▶ **SUPPLIED RECORDS**:
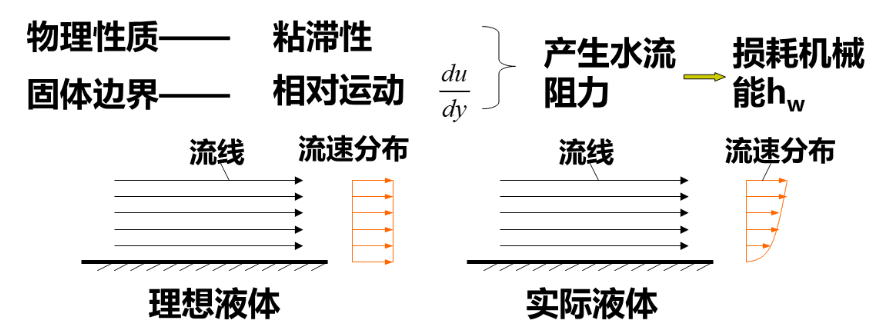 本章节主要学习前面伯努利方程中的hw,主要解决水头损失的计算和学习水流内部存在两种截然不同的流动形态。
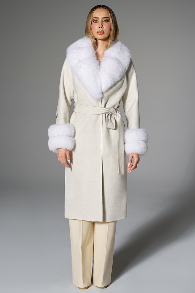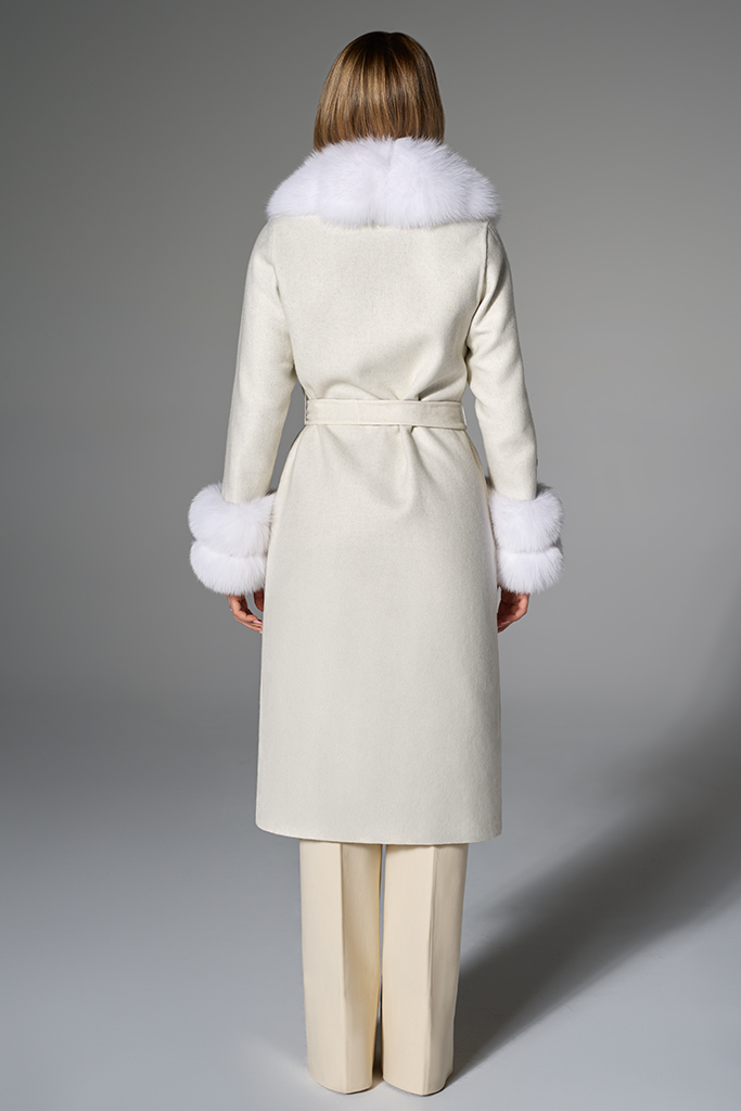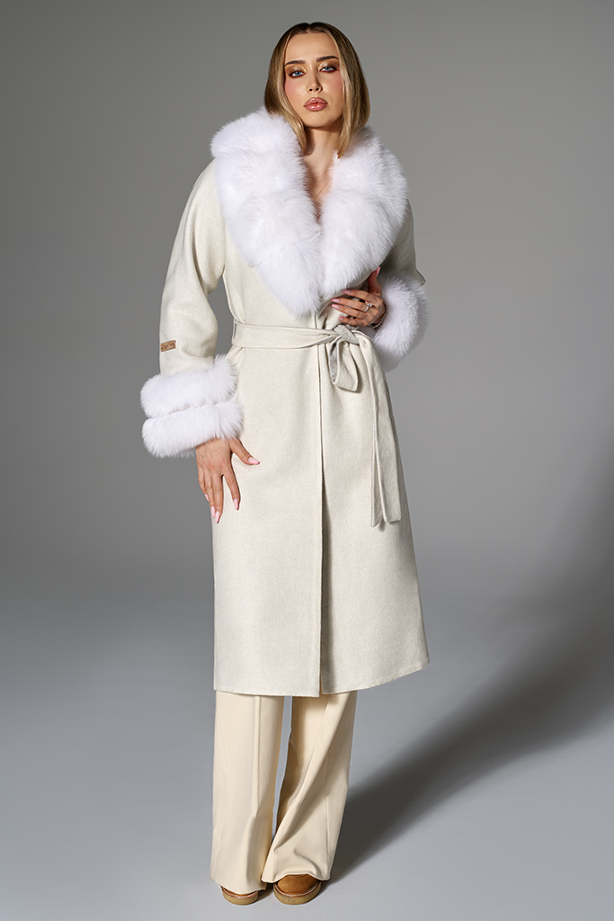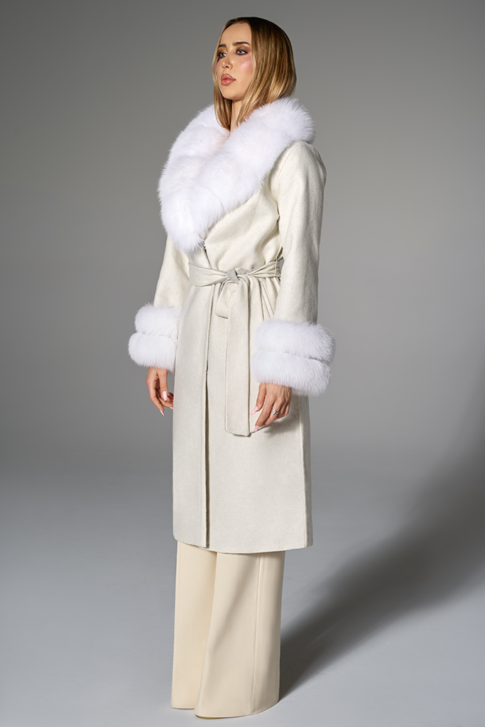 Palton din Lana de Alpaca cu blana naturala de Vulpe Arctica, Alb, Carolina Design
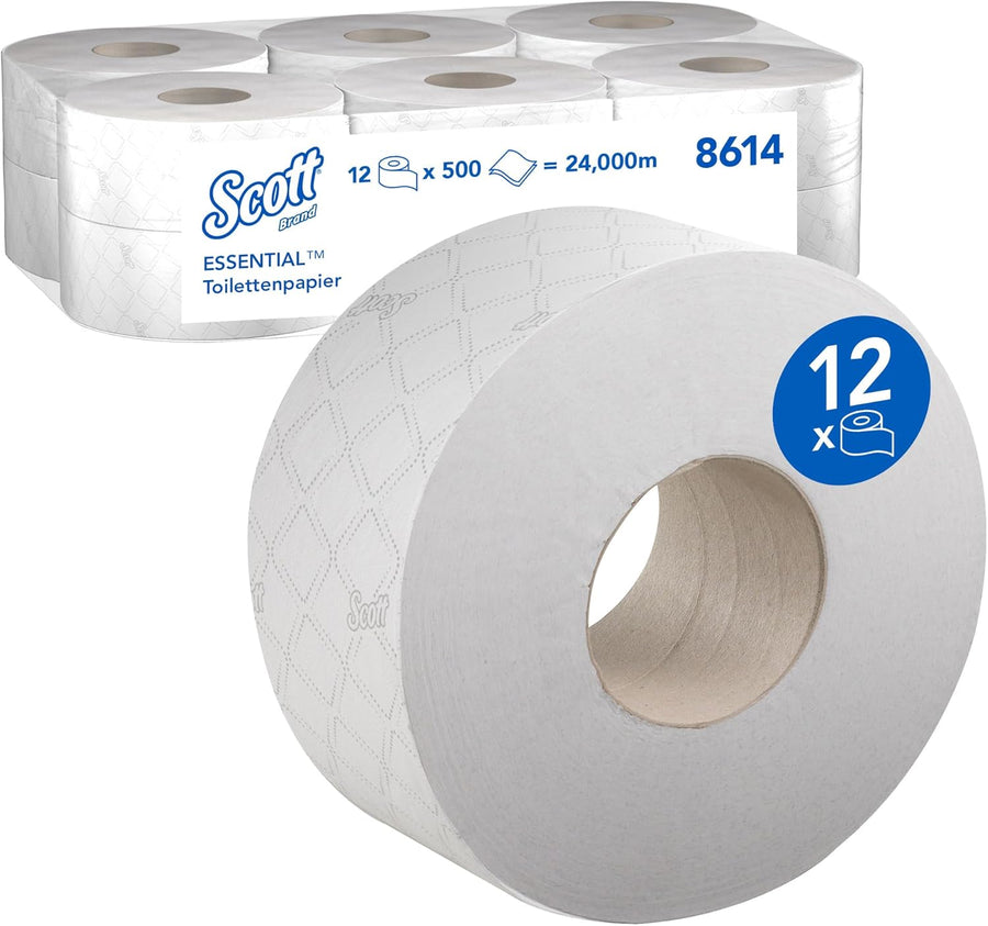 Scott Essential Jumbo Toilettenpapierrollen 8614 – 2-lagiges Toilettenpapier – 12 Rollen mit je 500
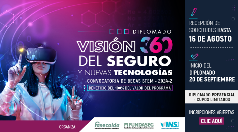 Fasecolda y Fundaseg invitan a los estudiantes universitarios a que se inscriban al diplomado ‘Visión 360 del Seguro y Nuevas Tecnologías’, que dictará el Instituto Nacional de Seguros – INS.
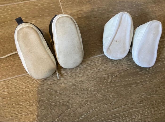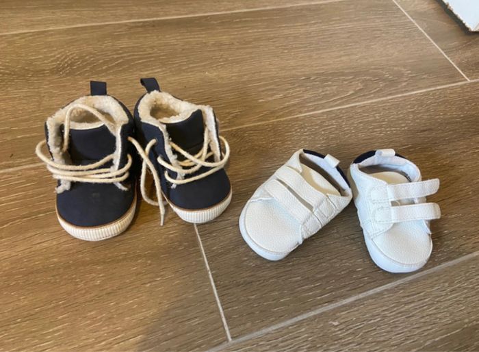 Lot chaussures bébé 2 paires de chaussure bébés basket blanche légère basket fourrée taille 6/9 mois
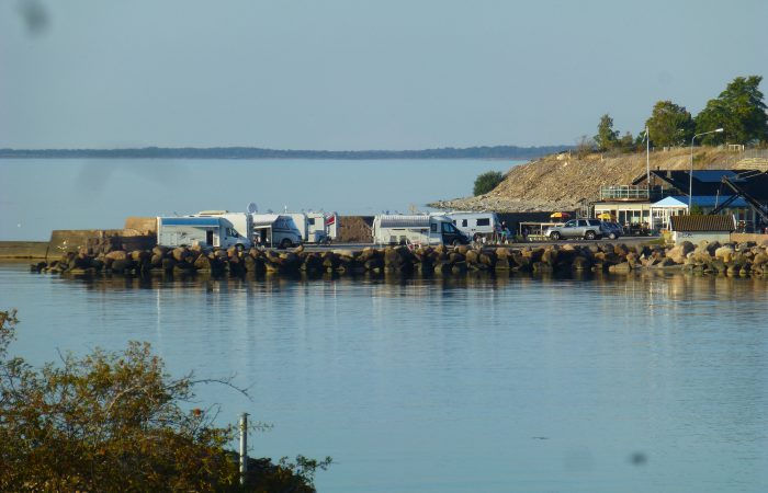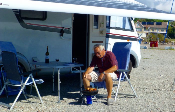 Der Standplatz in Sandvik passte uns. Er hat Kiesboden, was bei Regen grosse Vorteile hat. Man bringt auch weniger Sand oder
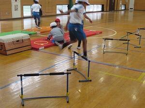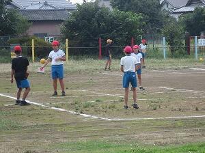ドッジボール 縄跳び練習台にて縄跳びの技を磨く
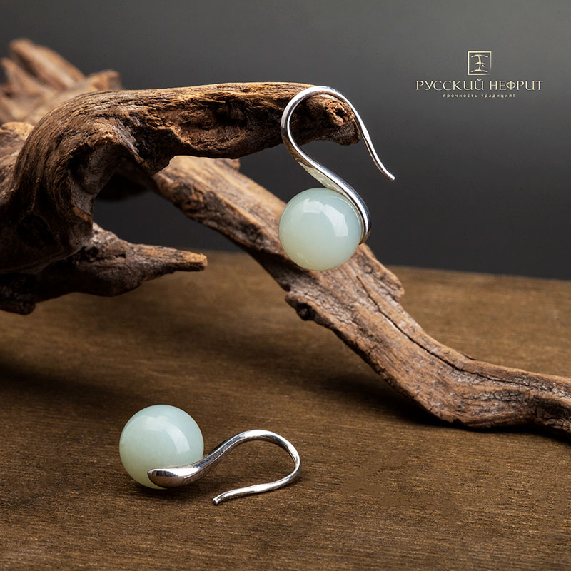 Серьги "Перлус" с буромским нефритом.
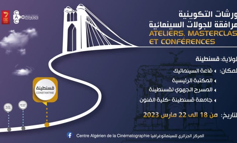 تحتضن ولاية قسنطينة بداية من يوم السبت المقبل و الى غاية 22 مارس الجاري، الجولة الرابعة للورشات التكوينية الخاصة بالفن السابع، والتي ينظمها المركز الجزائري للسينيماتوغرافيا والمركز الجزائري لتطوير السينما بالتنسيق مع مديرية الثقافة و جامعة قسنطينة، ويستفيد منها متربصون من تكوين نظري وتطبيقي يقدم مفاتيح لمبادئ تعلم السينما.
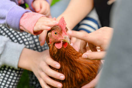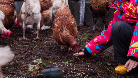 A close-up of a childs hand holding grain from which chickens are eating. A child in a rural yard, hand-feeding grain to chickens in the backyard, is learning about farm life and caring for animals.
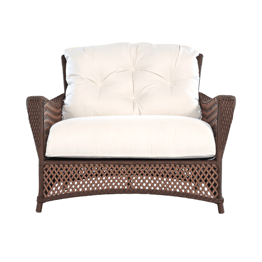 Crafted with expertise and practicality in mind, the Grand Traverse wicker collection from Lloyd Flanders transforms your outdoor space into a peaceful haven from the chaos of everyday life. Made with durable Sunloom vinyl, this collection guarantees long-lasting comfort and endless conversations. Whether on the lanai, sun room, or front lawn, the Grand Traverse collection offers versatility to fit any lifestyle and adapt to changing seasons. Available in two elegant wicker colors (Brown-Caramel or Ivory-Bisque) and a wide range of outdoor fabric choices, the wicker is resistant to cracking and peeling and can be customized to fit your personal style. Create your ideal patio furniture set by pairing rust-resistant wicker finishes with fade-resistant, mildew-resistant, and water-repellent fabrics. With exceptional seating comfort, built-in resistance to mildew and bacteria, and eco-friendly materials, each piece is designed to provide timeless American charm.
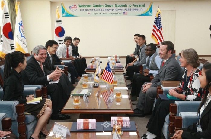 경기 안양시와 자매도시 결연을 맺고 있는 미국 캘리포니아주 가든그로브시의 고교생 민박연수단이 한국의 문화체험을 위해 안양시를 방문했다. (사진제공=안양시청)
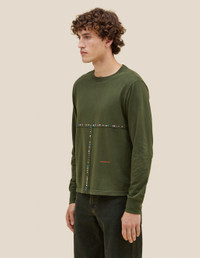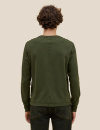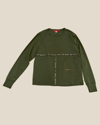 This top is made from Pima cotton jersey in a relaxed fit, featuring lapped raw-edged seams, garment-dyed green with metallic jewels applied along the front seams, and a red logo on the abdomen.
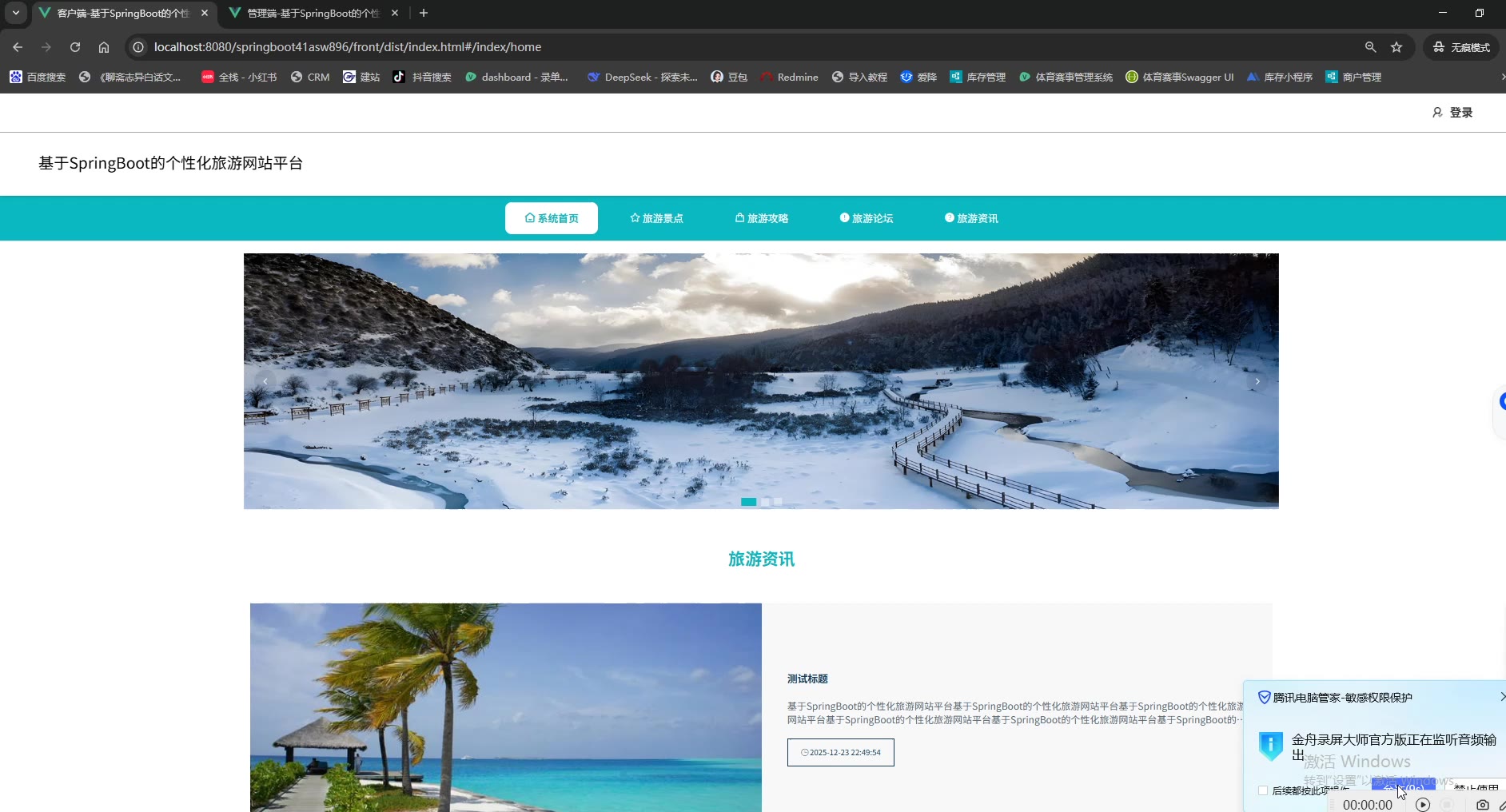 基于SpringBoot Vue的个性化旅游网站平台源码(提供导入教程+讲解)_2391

▶ **AIM OF THE TASK**: If pictures appear among the records, do not carry them over; retype the rest exactly.

▶ **RESULT OF THIS EXERCISE**:
 本章节主要学习前面伯努利方程中的hw,主要解决水头损失的计算和学习水流内部存在两种截然不同的流动形态。
 Palton din Lana de Alpaca cu blana naturala de Vulpe Arctica, Alb, Carolina Design
 Scott Essential Jumbo Toilettenpapierrollen 8614 – 2-lagiges Toilettenpapier – 12 Rollen mit je 500
 Fasecolda y Fundaseg invitan a los estudiantes universitarios a que se inscriban al diplomado ‘Visión 360 del Seguro y Nuevas Tecnologías’, que dictará el Instituto Nacional de Seguros – INS.
 Lot chaussures bébé 2 paires de chaussure bébés basket blanche légère basket fourrée taille 6/9 mois
 Der Standplatz in Sandvik passte uns. Er hat Kiesboden, was bei Regen grosse Vorteile hat. Man bringt auch weniger Sand oder
ドッジボール 縄跳び練習台にて縄跳びの技を磨く
 Серьги "Перлус" с буромским нефритом.
 تحتضن ولاية قسنطينة بداية من يوم السبت المقبل و الى غاية 22 مارس الجاري، الجولة الرابعة للورشات التكوينية الخاصة بالفن السابع، والتي ينظمها المركز الجزائري للسينيماتوغرافيا والمركز الجزائري لتطوير السينما بالتنسيق مع مديرية الثقافة و جامعة قسنطينة، ويستفيد منها متربصون من تكوين نظري وتطبيقي يقدم مفاتيح لمبادئ تعلم السينما.
 A close-up of a childs hand holding grain from which chickens are eating. A child in a rural yard, hand-feeding grain to chickens in the backyard, is learning about farm life and caring for animals.
 Crafted with expertise and practicality in mind, the Grand Traverse wicker collection from Lloyd Flanders transforms your outdoor space into a peaceful haven from the chaos of everyday life. Made with durable Sunloom vinyl, this collection guarantees long-lasting comfort and endless conversations. Whether on the lanai, sun room, or front lawn, the Grand Traverse collection offers versatility to fit any lifestyle and adapt to changing seasons. Available in two elegant wicker colors (Brown-Caramel or Ivory-Bisque) and a wide range of outdoor fabric choices, the wicker is resistant to cracking and peeling and can be customized to fit your personal style. Create your ideal patio furniture set by pairing rust-resistant wicker finishes with fade-resistant, mildew-resistant, and water-repellent fabrics. With exceptional seating comfort, built-in resistance to mildew and bacteria, and eco-friendly materials, each piece is designed to provide timeless American charm.
 경기 안양시와 자매도시 결연을 맺고 있는 미국 캘리포니아주 가든그로브시의 고교생 민박연수단이 한국의 문화체험을 위해 안양시를 방문했다. (사진제공=안양시청)
 This top is made from Pima cotton jersey in a relaxed fit, featuring lapped raw-edged seams, garment-dyed green with metallic jewels applied along the front seams, and a red logo on the abdomen.
 基于SpringBoot Vue的个性化旅游网站平台源码(提供导入教程+讲解)_2391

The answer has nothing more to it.